Richard was aware of a particular pressure, a particular weight. But seeing as how he had only woken up mere seconds beforehand he could not make head nor tails of what this might signify. His brain, wanting him to keep sleeping, told him not to worry about it.

And so he didn’t.

But his eyes had been late in receiving these instructions and had already started opening. Blurry though the results were, that the weight was Chrysalis was obvious, which immediately put paid to any plans Richard might have had about going back to sleep.

She was lying flat on top of him, chin on his chest, peering at him intently.

“Good morning, your majesty,” Richard said, struggling not to yawn, and for a few seconds she did not reply.

“I learned something while you were asleep, Richard,” she said once those few seconds had elapsed, not moving a muscle.

“That so?”

He hoped it wasn’t that he snored.

“Yes. You are just as gormless looking asleep as you are awake,” she said, rising to sitting but not shifting from atop him, flicking her head to try and get some of her hair (or whatever it was) out of her face. Her hair (or whatever it was) refused so she pretty quickly gave up.

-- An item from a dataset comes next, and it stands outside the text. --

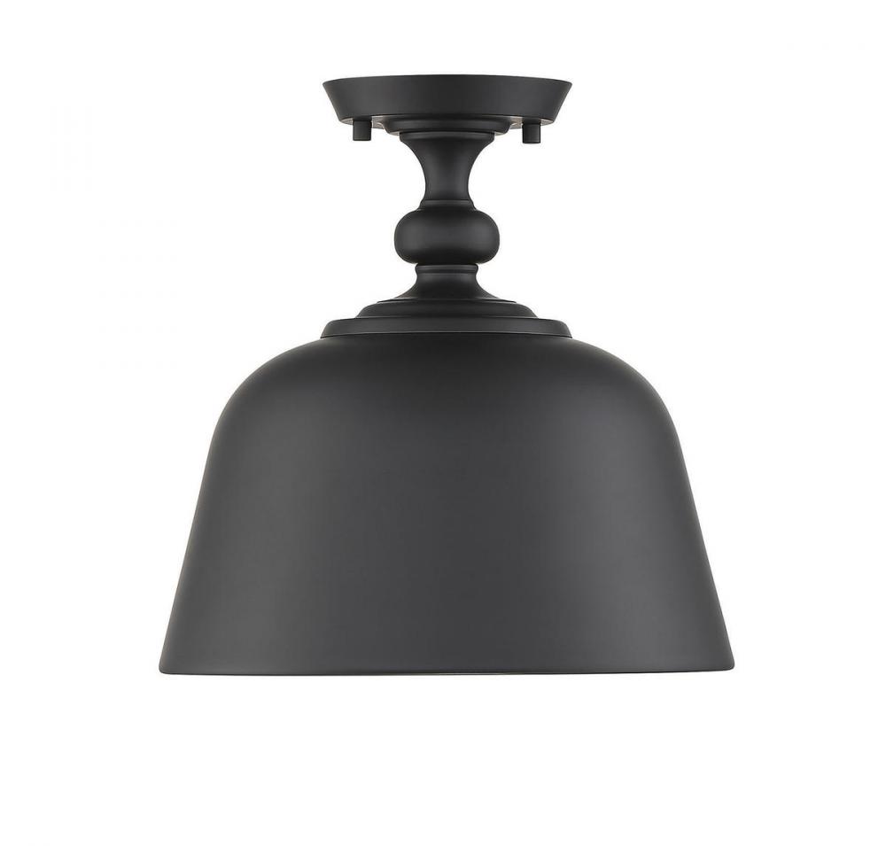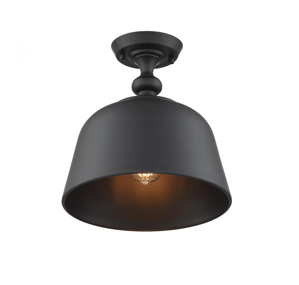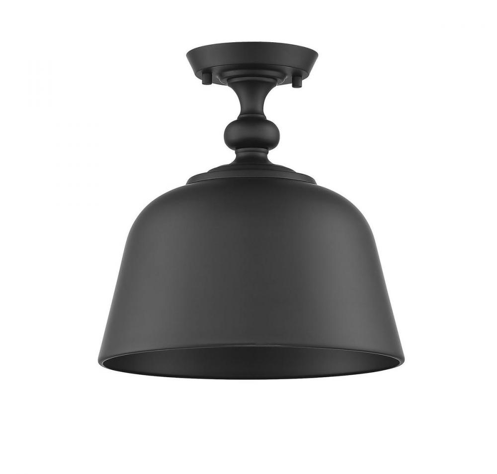 From Savoy House, this Berg 1-light ceiling semi-flush mount is a perfect blend of industrial style and traditional allure. It showcases an oversized metal shade that is finished in matte black, both inside and out, for a bright and focused glow. Above the shade, hardware details recall the curves of an elegant candlestick. Berg is perfect for times when you would like a more directed beam of light, such as in a small entryway or a kitchen. This fixture is 12" in width and 12" in height. Uses one standard size light bulb of up to 60 watts (not included).

Richard was happy to hear it wasn’t snoring.

“I always suspected as much, hard for me to confirm though. Were you watching me sleep then, your majesty?” He asked.

Chrysalis bristled at the very suggestion. As though she’d lower herself to something so vulgar.

“No, Richard, of course not. I just happened to look at you while you were sleeping,” she said.

Technically true. The detail that this period of looking had lasted some time was irrelevant. Spending more time was just the difference between a perfunctory look and a good, proper look, that was all.

And it wasn’t even her fault anyway. The only other things to look at it in the room were the underwhelming furniture, the tacky curtains and a mirror, none of which appealed to Chrysalis. Richard might have been a bizarre looking, inscrutable alien but that at least made him interesting to look at.

That, and while she was keeping an eye on him the odds of him doing something stupid which might impact her were reduced. So it was just sensible, really.

What with Chrysalis now sitting upright it was a lot easier for Richard to look at her, too, and he was. He still hadn’t fully woken up so still wasn’t fully aware that what he was doing was actually just staring, but even if he had been aware it would have been tricky to stop. He found the sight of her both pleasant and reassuring. Always had.

And yes, the way she looked had changed considerably - completely, in fact, really - thanks to recent events, but the way she looked at him had not. And that was all that ultimately mattered to Richard once all was said and done.

“Why are you staring at me, Richard?” Chrysalis asked, feeling very put on the spot and flustered by his silent, sleepy attention. That finally got him to snap out of it and he blinked, shaking his head.

“Terribly sorry, your majesty. Miles away. Have I ever mentioned that you have a striking and regal bearing? And very lovely eyes.”

This did not help the flustery-ness.

“Go and make me breakfast, Richard,” Chrysalis said, now hiding behind her misbehaving hair and all-but shoving Richard out of the bed.

“As you wish, your majesty,” he said, getting dressed and going off to do just that.

That got him out of the way for a bit and gave Chrysalis the peace and quiet she so richly deserved, tucked up snug in bed once more. She remained in bed once breakfast was finished, it being brought up to her on a tray. As well it should have been!

Richard had just finished taking the top off her egg (she could do it, but he was fractionally better at it - a queen recognised valuable skills and made use of them) when there was a knock at the door downstairs.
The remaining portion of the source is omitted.